Data excerpt:
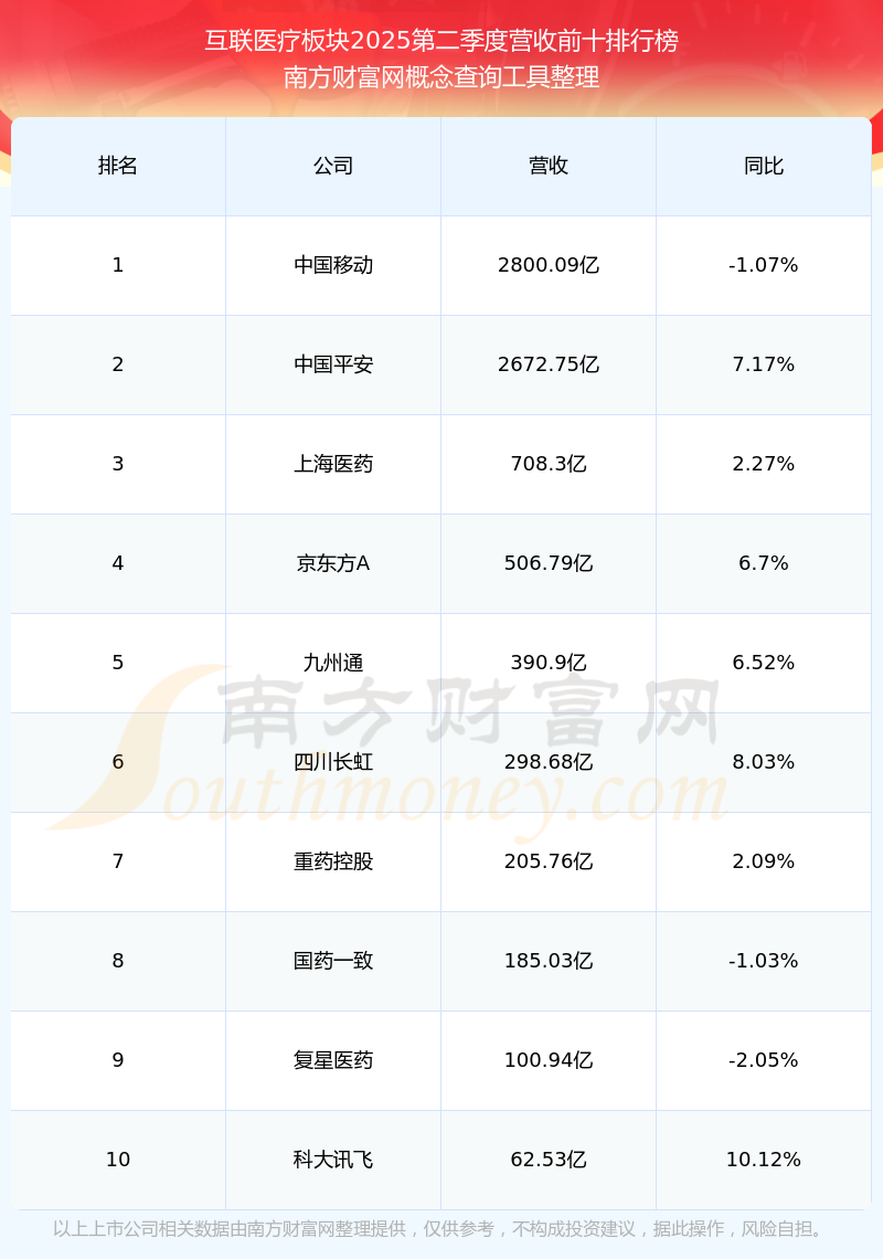 按照南方財富網(wǎng)概念查詢工具統(tǒng)計,該股所屬板塊為互聯(lián)醫(yī)療板塊,該板塊共有127只股票,九州通2025第二季度營收在該板塊中排名為第5名,該板塊2025第二季度營收排名前十的股票如下表:
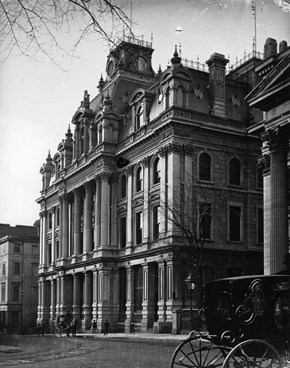 Le magnifique Bureau de Poste (1876-1959) , situé rue Saint-Jacques, démoli pour agrandir la Banque de Montréal (BMO). Ce bâtiment, avec son architecture impressionnante de style Second Empire , aurait ajouté une valeur inestimable à la Place d’Armes si on l’avait conservé. Une perte bien triste, mais qu’on ne doit pas oublier!
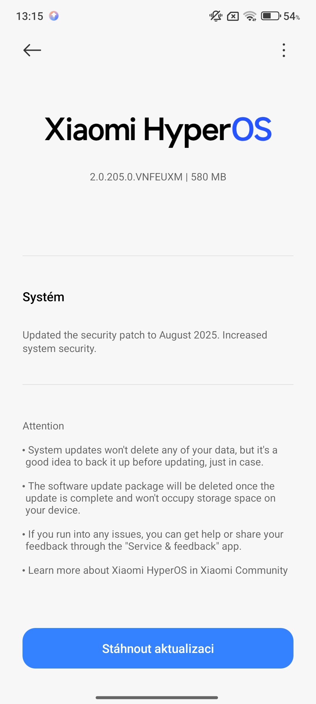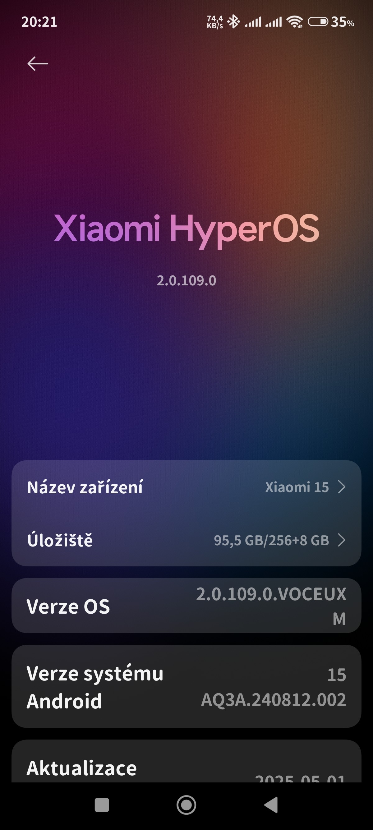 Update pro Xiaomi 15 Ultra dorazila již o týden dříve – datum vydání 4.8., staženo o pár dní déle. Oblast česko, v žádné betě nejsem.
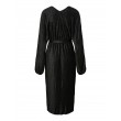 Tyylikkäästi laskeutuva musta laskostettu mekko sopii niin illanviettoon kuin juhlatilaisuuksiinkin.

Problem to solve: Make an exact reproduction of the listing above, without any pictures.

Response to this task:
 按照南方財富網(wǎng)概念查詢工具統(tǒng)計,該股所屬板塊為互聯(lián)醫(yī)療板塊,該板塊共有127只股票,九州通2025第二季度營收在該板塊中排名為第5名,該板塊2025第二季度營收排名前十的股票如下表:
 Le magnifique Bureau de Poste (1876-1959) , situé rue Saint-Jacques, démoli pour agrandir la Banque de Montréal (BMO). Ce bâtiment, avec son architecture impressionnante de style Second Empire , aurait ajouté une valeur inestimable à la Place d’Armes si on l’avait conservé. Une perte bien triste, mais qu’on ne doit pas oublier!
 Update pro Xiaomi 15 Ultra dorazila již o týden dříve – datum vydání 4.8., staženo o pár dní déle. Oblast česko, v žádné betě nejsem.
 Tyylikkäästi laskeutuva musta laskostettu mekko sopii niin illanviettoon kuin juhlatilaisuuksiinkin.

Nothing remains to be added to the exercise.